Black Lab Theatre’s production of the Leslye Headland’s play, Assistance is being billed as a Gen Y comedy, but with a slight change of phone technology I could easily see the work being set in the 80s world of Glengarry Glen Ross, or set during the 90s as the tech bubble burst on Gen X. The play about six assistants working for the president of a nameless corporation might highlight young twenty-somethings’ struggle to keep even the most soul-abusive job in a 21st century that’s not hiring, but the play ends up proving that some types of desperation are universal.

Jordan Jaffe in Black Lab Theatre's production of Assistance.  Photo by Pin Lim.
Jordan Jaffe in Black Lab Theatre’s production of Assistance. Photo by Pin Lim.

Assistance begins as junior assistant Nick, played by Adam Gibbs, exchanges insulting goodbyes with senior assistant Vince, played by Jordan Jaffe. The audience will never see their boss Daniel Weisinger, the company president, a tyrant who has finally promoted Vince to a higher position.
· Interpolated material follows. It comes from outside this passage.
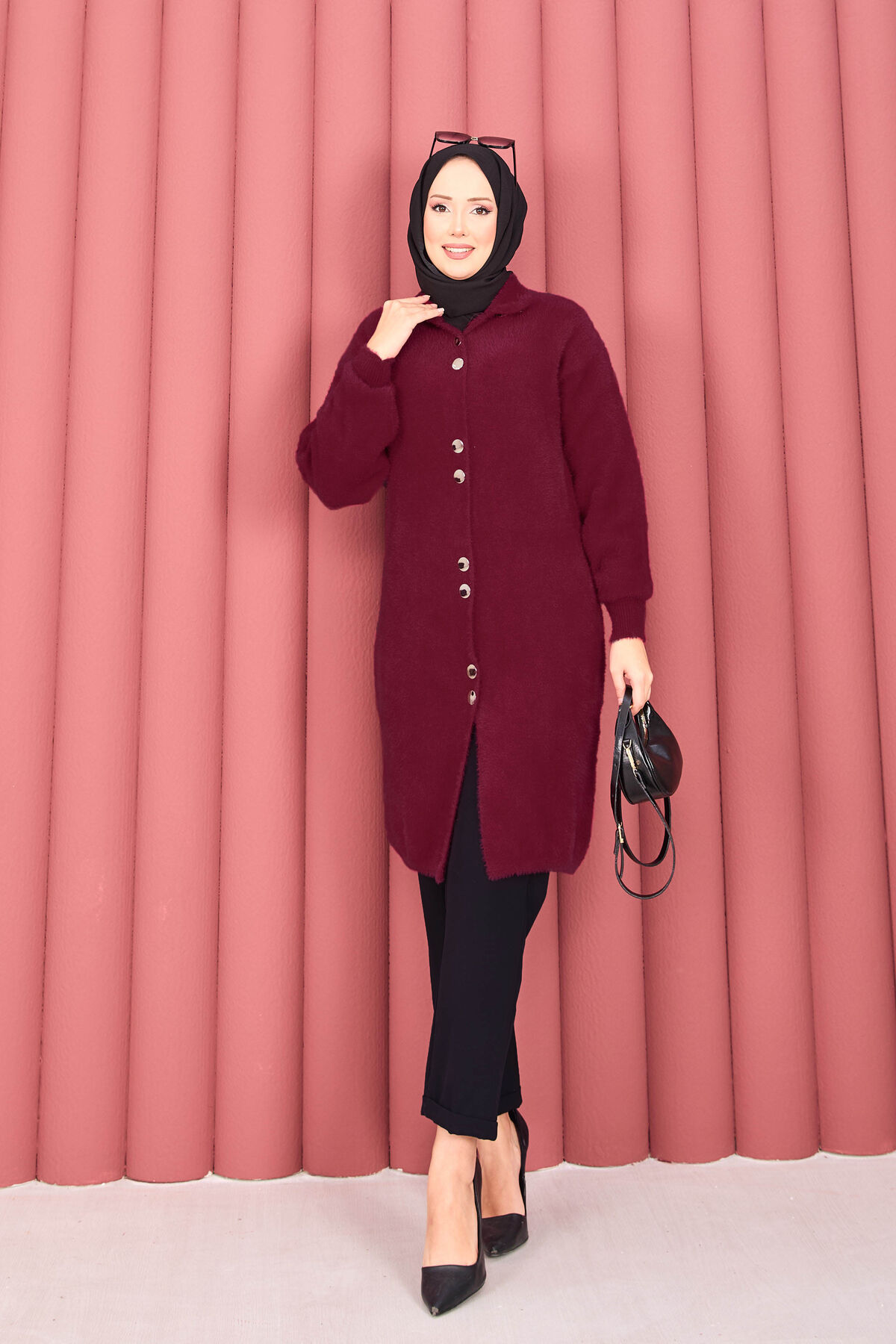 Altın Düğmeli Tesettür Angora Hırka Bordo

Daniel needs four assistants to keep up with his petty and erratic demands.

The unwritten, but whispered, belief of the office is that if the senior assistant, the one who’s borne the abuses the longest, can train the juniors into competence, he can then move literally across the hall, and figuratively one rung up the ladder, into a managerial position. As Vince moves upward, Nick hopes to eventually train new girl Nora to replace him.

In perhaps a bit of theatrical irony, Jordan Jaffe also directed the play. His character, Vince, leaves early in the play, giving Nick little practical advice before abandoning him. Yet, with perhaps the exception of the last scene of the play, which goes on a few minutes too long, Jaffe directs a tight production, keeping the comedy and tragedy well-timed.

And this dark comedy does hold tragedy. Assistants come and go, as they are fired or quit in the middle of a nervous breakdown. Instead of a complex plot, playwright Headland seems more interested in character building-and-wrecking, as we watch each assistant survive or fail depending on his or her ability to emulate the boss, to stop being a person, and to become more like the monster on the other end of the line.

Adam Gibbs and Rebekah Stevens Gibbs.  Photo by Pin Lim.
Adam Gibbs and Rebekah Stevens Gibbs. Photo by Pin Lim.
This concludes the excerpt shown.